My brain feeds me with a rapid fire barrage of ideas. My brain feeds me with thoughts, concepts, and the perfect starting point for all things in my life; money, relationships, and my hot body. I know that I know it’s my connection to source. I know that these thoughts that come at me with such commitment are from the superconscious realm. There is evidence in just about every day of my life that I am so plugged in. I am reminded when you tell me how you were just thinking about “that”, whatever the “that” is. EVIDENCE.
All I have is now. Now is my starting point. How cool is that!
I made a commitment recently to pay attention and, here it is folks…FOLLOW THE INSTRUCTIONS! Yes, follow the instructions that I am given through those inspirations, intuitions, and funny feelings I get at times. I get them while I’m washing the dishes sometimes, or taking a shower. They show up in a serious way when I’m meditating or doing screen of the mind. How they come to me isn’t the important part, except for noticing patterns maybe.

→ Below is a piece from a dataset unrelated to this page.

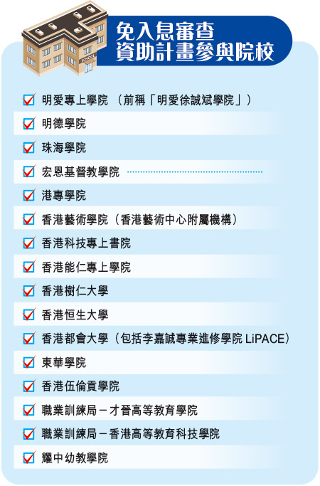 017/18學年起,政府公佈向考獲「3322」DSE成績並修讀自資學士學位學生,提供每年3萬元免入息審查資助,當中涵蓋本港15間專上院校全日制自資學士學位課程,助「自資」學位成「部分資助」。今年,免入息審查資助計畫(NMTSS)的資助額增至33,200元,同時進一步涵蓋16所院校的自資課程。

The important part is following the instructions. Frankly, sometimes I get in my own way. Thank goodness, I have gotten better about tapping into Rob’s voice from up at the Ranch; “stop thinking, stop thinking.” Yes, I am committed to not thinking and simply following the instructions that life gives me. Now, don’t get me wrong, at times I wonder why….. Like “this is just stupid…why do I have to go to the store for bananas? I don’t even like bananas. Why am I being told to paint, or to put my hands in dirt, or any of it?!?!?!” It doesn’t make any sense and it doesn’t matter. My sense is my brain, my logic, my cognitive rational capacity. These are jewels given to me. Ahh, hello, this is not from realistic thinking, it’s the plugged in part of our experience. So, I choose to follow my instructions because I am plugged in. How about you?